Word for word, restate the lines of the data below between those holding "Redefine everyday essentials" and "本施設は、公共機能と民間機能", inclusive; pictures do not belong in the copy.

## Given records
┄┄┄┄┄┄┄┄┄┄┄┄┄┄┄┄┄┄┄┄
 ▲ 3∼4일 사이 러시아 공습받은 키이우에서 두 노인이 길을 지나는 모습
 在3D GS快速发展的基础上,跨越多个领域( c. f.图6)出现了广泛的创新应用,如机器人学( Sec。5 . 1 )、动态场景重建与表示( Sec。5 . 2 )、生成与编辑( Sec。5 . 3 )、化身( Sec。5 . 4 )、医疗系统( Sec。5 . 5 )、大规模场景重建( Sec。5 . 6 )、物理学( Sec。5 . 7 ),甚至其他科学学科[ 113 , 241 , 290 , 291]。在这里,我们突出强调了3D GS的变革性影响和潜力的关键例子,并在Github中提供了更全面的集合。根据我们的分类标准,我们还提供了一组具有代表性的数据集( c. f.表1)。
┄┄┄┄┄┄┄┄┄┄┄┄┄┄┄┄┄┄┄┄
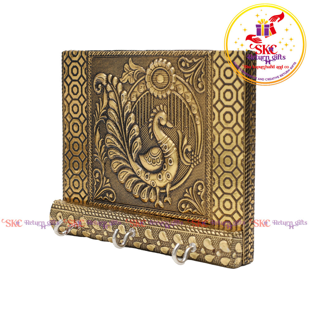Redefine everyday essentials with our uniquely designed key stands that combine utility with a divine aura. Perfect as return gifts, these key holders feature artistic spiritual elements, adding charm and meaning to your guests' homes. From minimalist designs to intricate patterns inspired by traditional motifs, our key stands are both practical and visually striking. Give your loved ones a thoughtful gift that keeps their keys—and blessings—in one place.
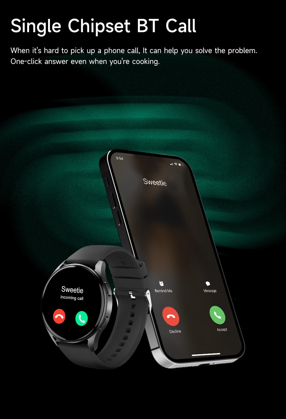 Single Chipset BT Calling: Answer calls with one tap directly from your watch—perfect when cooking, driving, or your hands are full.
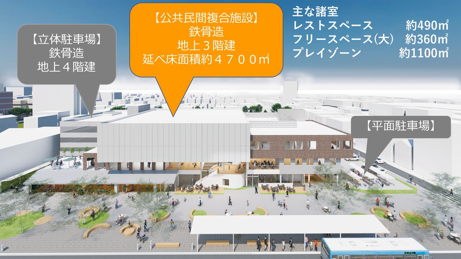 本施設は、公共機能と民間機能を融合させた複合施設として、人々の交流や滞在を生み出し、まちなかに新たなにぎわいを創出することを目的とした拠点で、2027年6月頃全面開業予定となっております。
┄┄┄┄┄┄┄┄┄┄┄┄┄┄┄┄┄┄┄┄
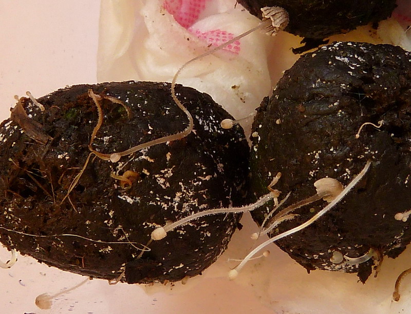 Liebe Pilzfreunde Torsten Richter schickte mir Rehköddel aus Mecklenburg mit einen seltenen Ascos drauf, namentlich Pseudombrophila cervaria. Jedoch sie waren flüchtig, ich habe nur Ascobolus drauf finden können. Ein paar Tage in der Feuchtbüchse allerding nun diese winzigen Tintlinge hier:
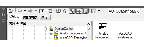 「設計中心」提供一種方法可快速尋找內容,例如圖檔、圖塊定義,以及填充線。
┄┄┄┄┄┄┄┄┄┄┄┄┄┄┄┄┄┄┄┄
## Answer to this problem
Redefine everyday essentials with our uniquely designed key stands that combine utility with a divine aura. Perfect as return gifts, these key holders feature artistic spiritual elements, adding charm and meaning to your guests' homes. From minimalist designs to intricate patterns inspired by traditional motifs, our key stands are both practical and visually striking. Give your loved ones a thoughtful gift that keeps their keys—and blessings—in one place.
 Single Chipset BT Calling: Answer calls with one tap directly from your watch—perfect when cooking, driving, or your hands are full.
 本施設は、公共機能と民間機能を融合させた複合施設として、人々の交流や滞在を生み出し、まちなかに新たなにぎわいを創出することを目的とした拠点で、2027年6月頃全面開業予定となっております。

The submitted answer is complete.